- Directed by: Hugo Ruiz
- Written by: Hugo Ruiz
- Produced by: Kike Sánchez; Patricia González; Hugo Ruiz; Enrique Fernández;
- Starring: Chino Darín; Ester Expósito; Vicente Romero; Enrique Arce; Asier Etxeandia;
- Cinematography: Teo Delgado
- Edited by: Alberto del Campo
- Music by: Remate
- Production companies: Gilda Productions Films; El Sueño Eterno Pictures; Sissi Films; Jarana Films;
- Distributed by: Eterno Films Distribution
- Release dates: 7 June 2026 (Tribeca); 6 November 2026 (Spain);
- Country: Spain
- Language: Spanish

= Dante (film) =

Dante is a 2026 Spanish thriller film written and directed by Hugo Ruiz. It stars Chino Darín alongside Vicente Romero, Enrique Arce, and Ester Expósito.

== Plot ==
Set in Madrid at night, the plot follows Eduardo, a well-meaning paramedic responding to an emergency, who sees himself involved in a dispute between criminal leaders.

== Cast ==
- Chino Darín as Eduardo
- Vicente Romero as Santos
- Enrique Arce as Mario
- Ester Expósito as Mak
- Asier Etxeandia as Chemi

== Production ==
The project (originally known under the title Dante de noche; ) was conceived as the second installment of a trilogy of films that take place in the same place (Madrid) on the same night, following One Night with Adela (2023). Director-screenwriter Hugo Ruiz pitched it as a cross between Quentin Tarantino's films and Eloy de la Iglesia's quinqui films. He also stated that the film has a bit of After Hours (1985) in it. Principal photography kicked off on 1 September 2025 in Madrid. Teo Delgado lensed the film, Alberto del Campo worked as film editor, and Remate scored the film.

== Release ==
Dante had its world premiere on 7 June 2026 in the genre slate of the 25th Tribeca Film Festival. It was also programmed at the 28th Abycine festival.
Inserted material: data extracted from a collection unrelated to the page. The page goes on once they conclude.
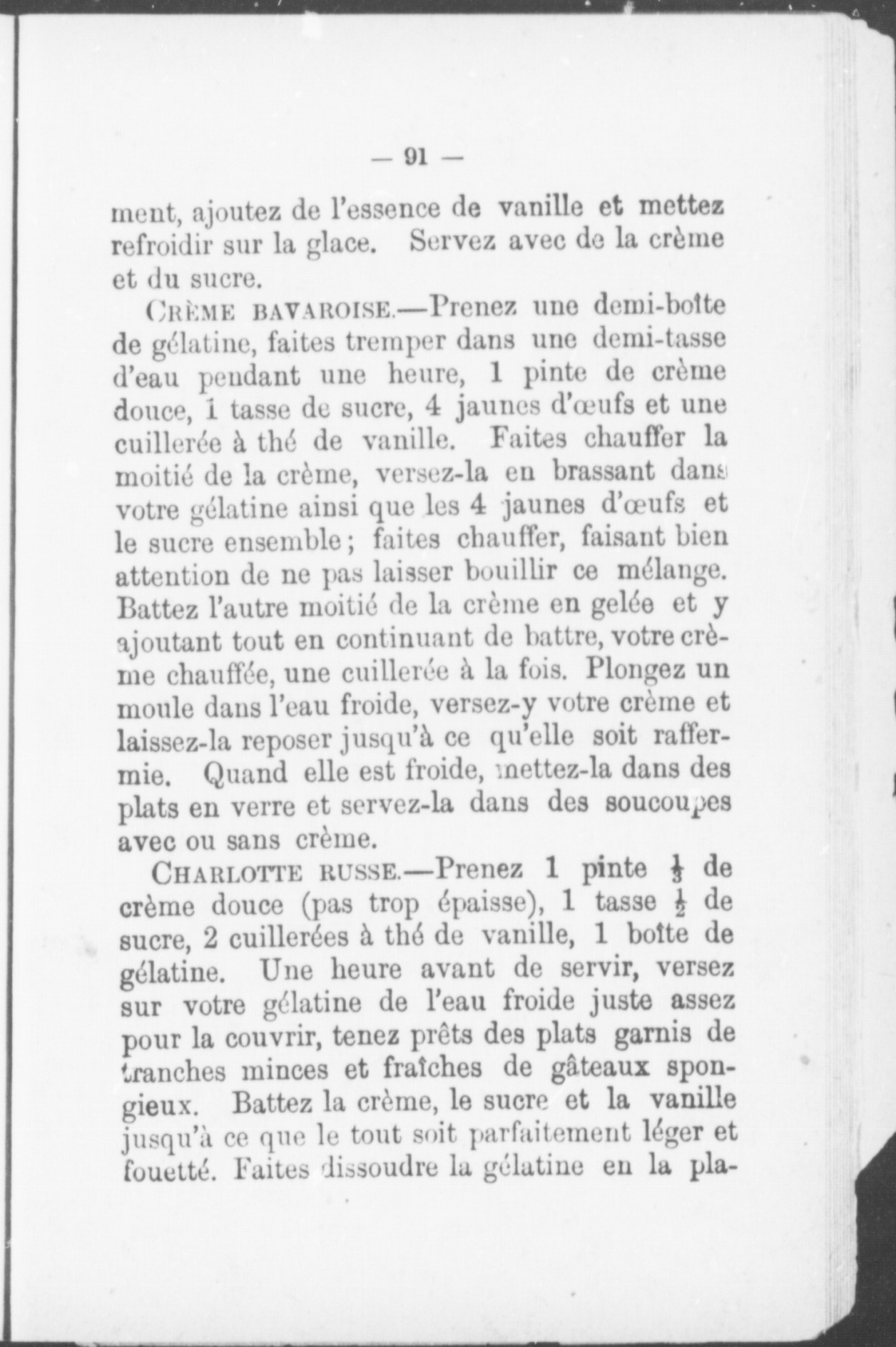 - La cuisinière des familles : contenant les recettes les plus pratiques et les plus simples pour préparer les potages, viandes et poisson; oeufs et salades, légumes, marinades; pâtisseries, gelées, fruits, sauces, conserves, breuvages divers, etc., etc., ainsi que plusieurs conseils très utiles dans un ménage.
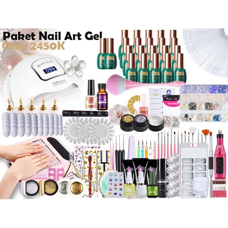Nail Art Lengkap PAKET NAIL ART MEWAH 20WARNA KUTEK GEL / PAKET USAHA NAIL ART / PAKET NAIL ART LENGKAP
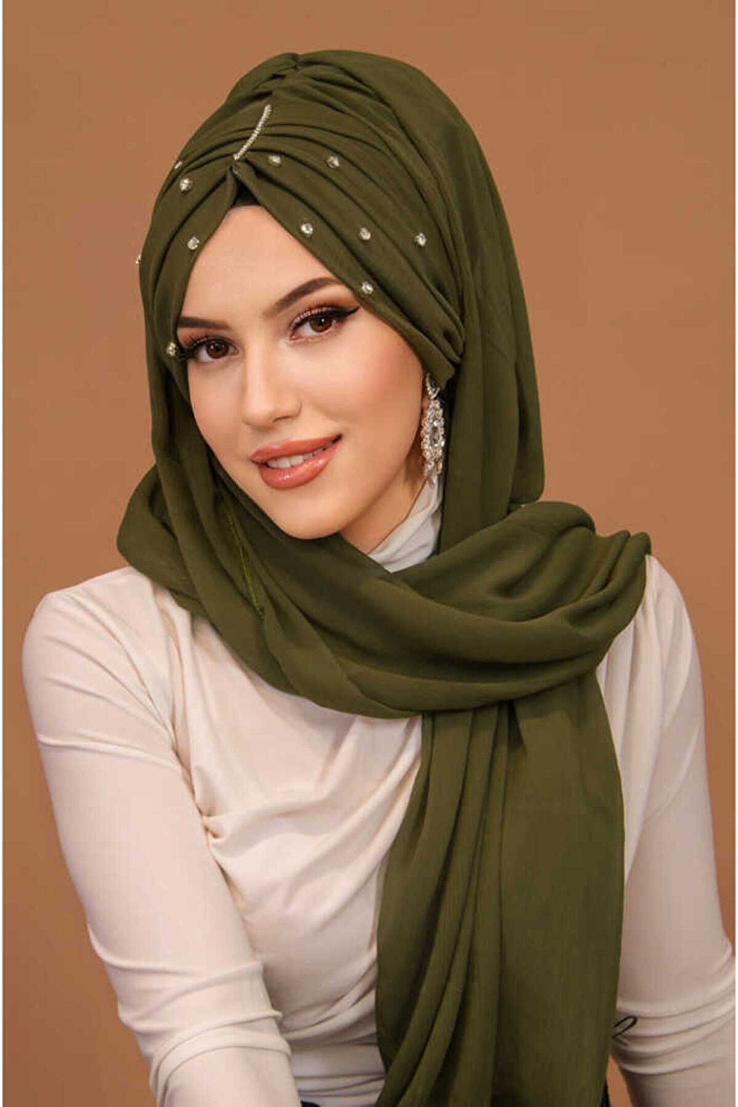 Haki Taşlı Büzgü Model Hazır Abiye Şal
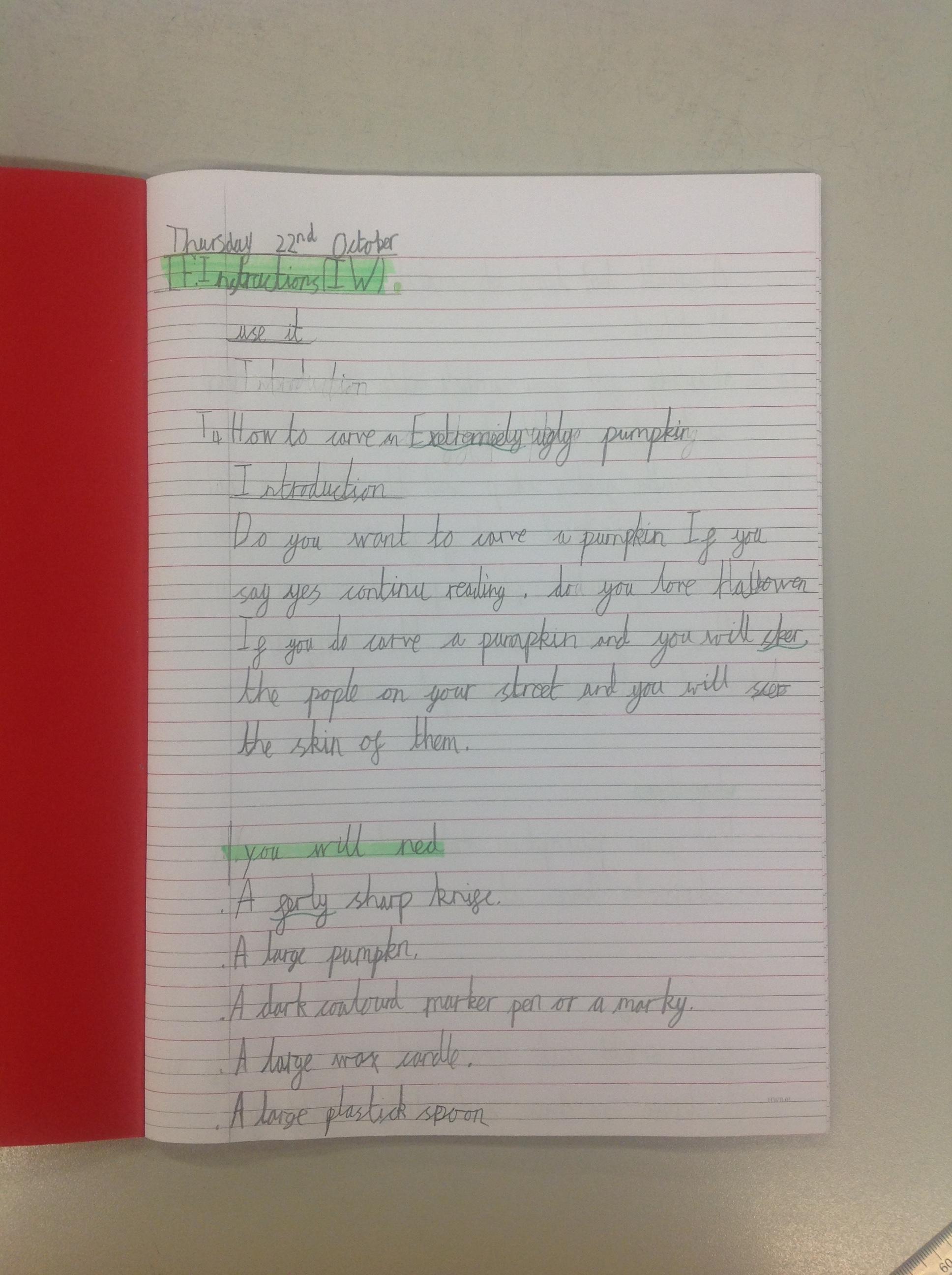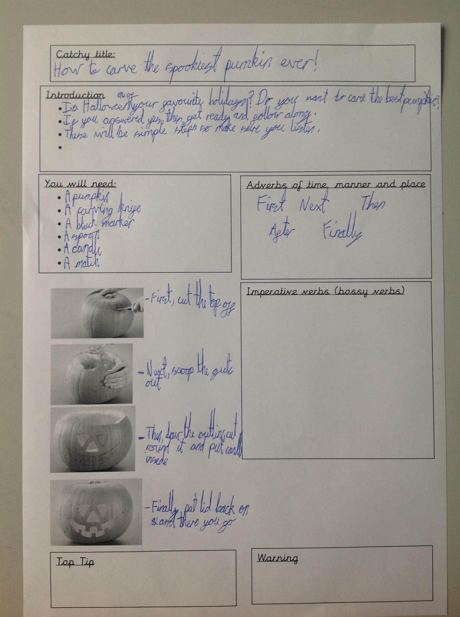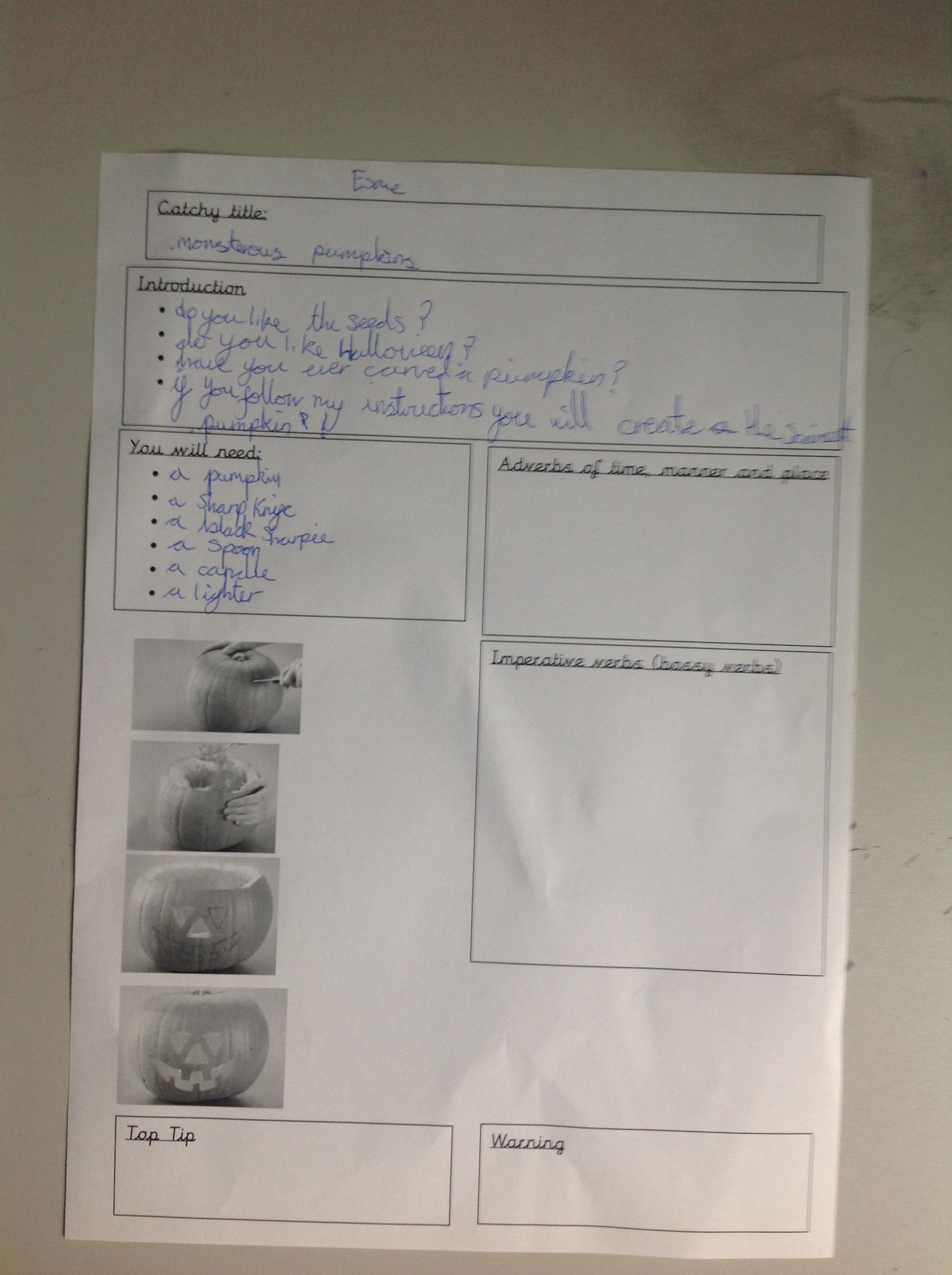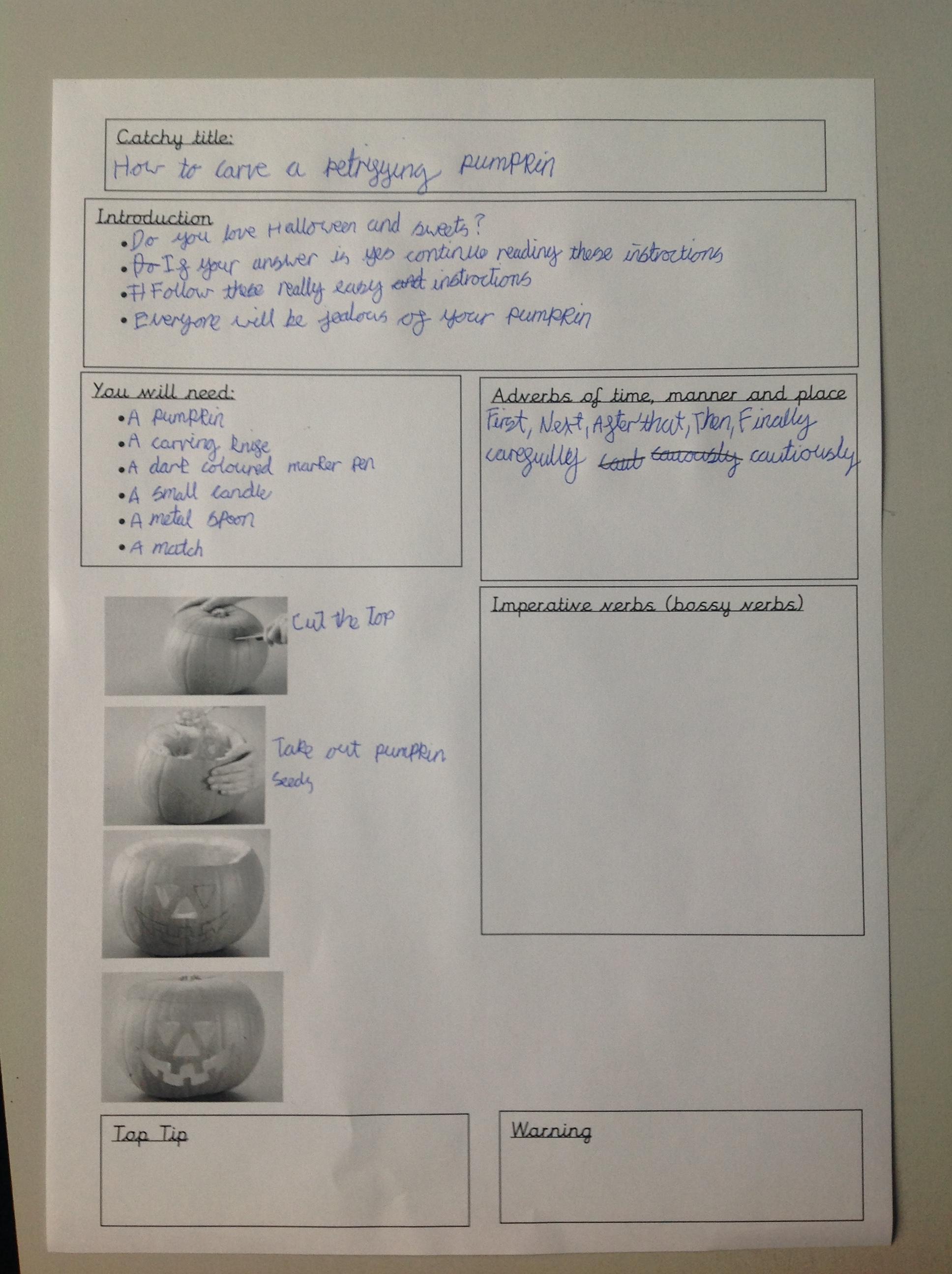 This week, we have been planning and then writing our own set of instructions on how to carve a spooky pumpkin. We thoroughly enjoyed writing this with Halloween coming up soon! The first thing we did was discuss why we have instructions and what we use them for.Then we looked at a range of instructions and what features they all had. After that, we got planning. To support our learning, we watched a video of someone carving a pumpkin and used this to write our method.
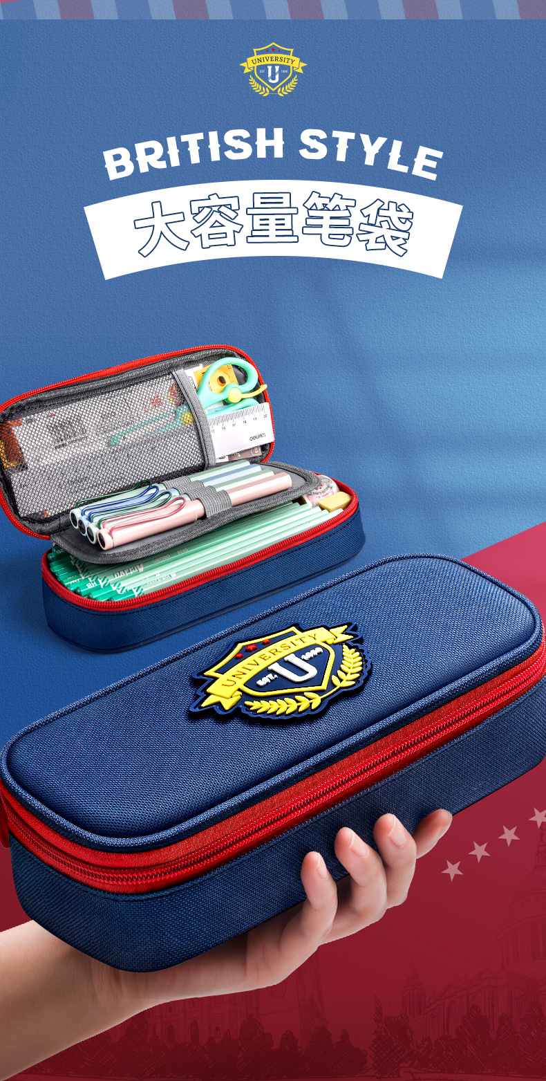 英伦风笔袋三层大容量文具盒学生高颜值铅笔盒帆布文具袋笔袋批发
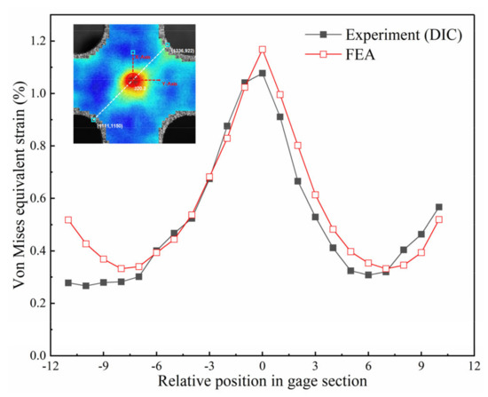The equibiaxial tensile test is carried out on the cruciform specimen by in-situ biaxial testing machine, and the whole field strain was measured by DIC. The post-processing software is used to extract the strain data points in the 45° diagonal direction of the central area of the specimen, and the results are compared with the finite element simulation results, as shown in Figure 18. It can be seen that the simulated value of von Mises strain on the diagonal reaches the peak at the center, and it is symmetrically distributed at the fillets on both sides. Although the experimental value measured by DIC is slightly lower than the simulation value, the overall change trend of the two is basically consistent. Due to the limitation of specimen processing technology, the thickness of the four arms cannot be guaranteed to be uniform and equal. According to ISO 16842: 2014 (E) [9], the accuracy of arm thickness meets the tolerance of ±0.1 mm. These errors make the strain of the fillet on both sides to show asymmetry. However, this effect cannot be taken into account because only the central strain of the specimen needs to be measured in the later fatigue test.
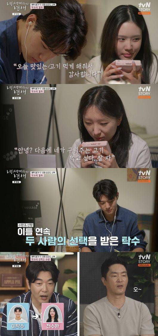 한편, 두 번째 호감도 선택이 공개됐다. 이탁수는 전수완과 이신향 사이를 고민한 끝에 누군가를 선택했다. 이신향 역시 “탁수 님은 데이트 할 때 밥 먹으면서 한번 해봐야겠다 했는데 그 순간 나가게 됐고 오히려 준호 님과 이야기 한 게 리프레시 하게 돼서 너무 고민됐다”라고 말했다.
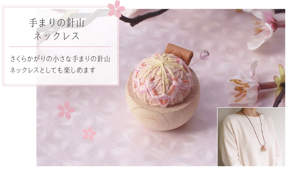 針仕事がより華やかに。さくらかがりの手まりが美しいピンクッションのネックレス。
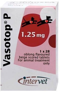Кардиопрепарат INTERVET Вазотоп P для кошек и собак 1,25мг, 28таб (размер: 0.039)
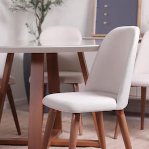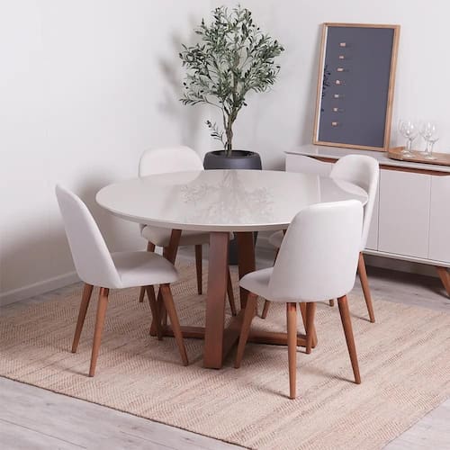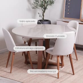 Conjunto de Jantar Mesa Redonda com Vidro Bennett 135 cm 4 Cadeiras New Drop - Natural c/ Bege - Off White
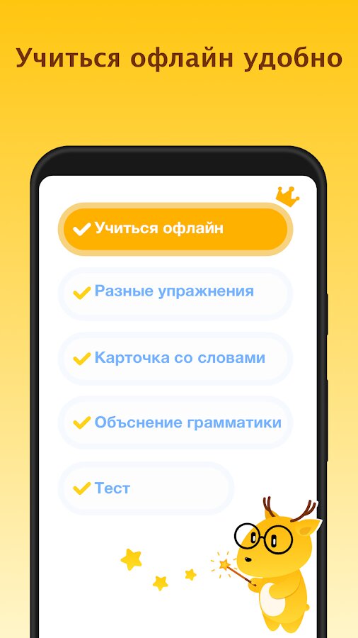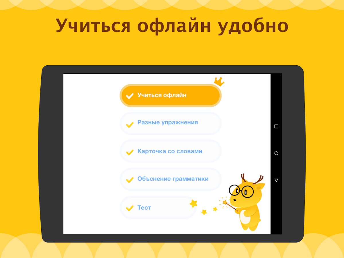 - Нет связи? В самолете? Не проблема! Изучайте языки где угодно, пользуясь оффлайн режимом!
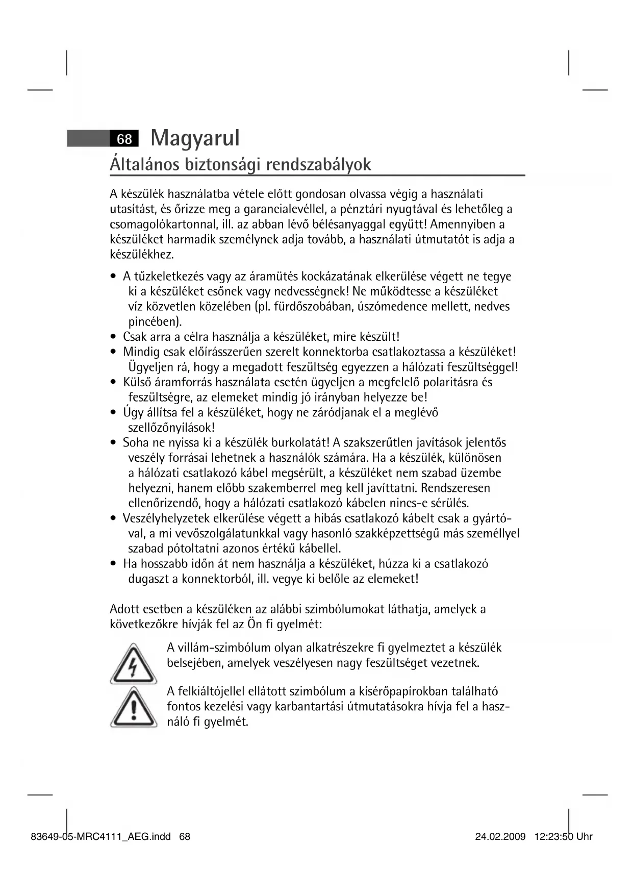 - Ha hosszabb időn át nem használja a készüléket, húzza ki a csatlakozó dugaszt a konnektorból, ill. vegye ki belőle az elemeket! Adott esetben a készüléken az alábbi szimbólumokat láthatja, amelyek a következőkre hívják fel az Ön gyelmét: A villám-szimbólum olyan alkatrészekre gyelmeztet a készülék belsejében, amelyek veszélyesen nagy feszültséget vezetnek. A felkiáltójellel ellátott szimbólum a kísérőpapírokban található fontos kezelési vagy karbantartási útmutatásokra hívja fel a hasz- náló gyelmét. 83649-05-MRC4111_AEG.indd 6883649-05-MRC4111_AEG.indd 68 24.02.2009 12:23:50 Uhr24.02.2009 12:23:50 UhrMagyarul
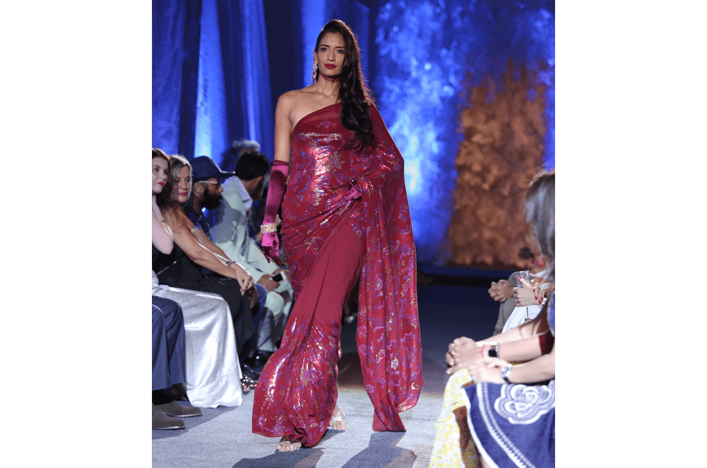 This season we have worked with new colour palette and fabrics. Deep maroons and purples in two toned silks, ombre dyed organza in shades of yellow , gold and copper diaphanous lace is lined with a vibrant orange and fuchsia pink reminiscent of the times. The white on white dori and aari embroidered collection is layered with long tunics with asymmetrical hemlines and worn with draped dhoti trousers and flared sharara pants, the sheer sarees are worn over printed and embroidered petticoats and the short capes with narrow pencil pants make the collection trendy and youthful.

It is scheduled to be released theatrically in Spain on 6 November 2026 by Eterno Films Distribution.

== Reception ==
Chad Collins of Dread Central rated the film 4 out of 5 stars, declaring it to be "an unflinching, seedy odyssey of crime, carnage, and desperation", otherwise only let down by the ending.

Daniel Kurland of Bloody Disgusting rated the film 3½ out of 5 skulls, describing the viewing as "a chaotic experience that's pumping adrenaline, burning rubber, and snorting drugs from frame one and then rarely lets up".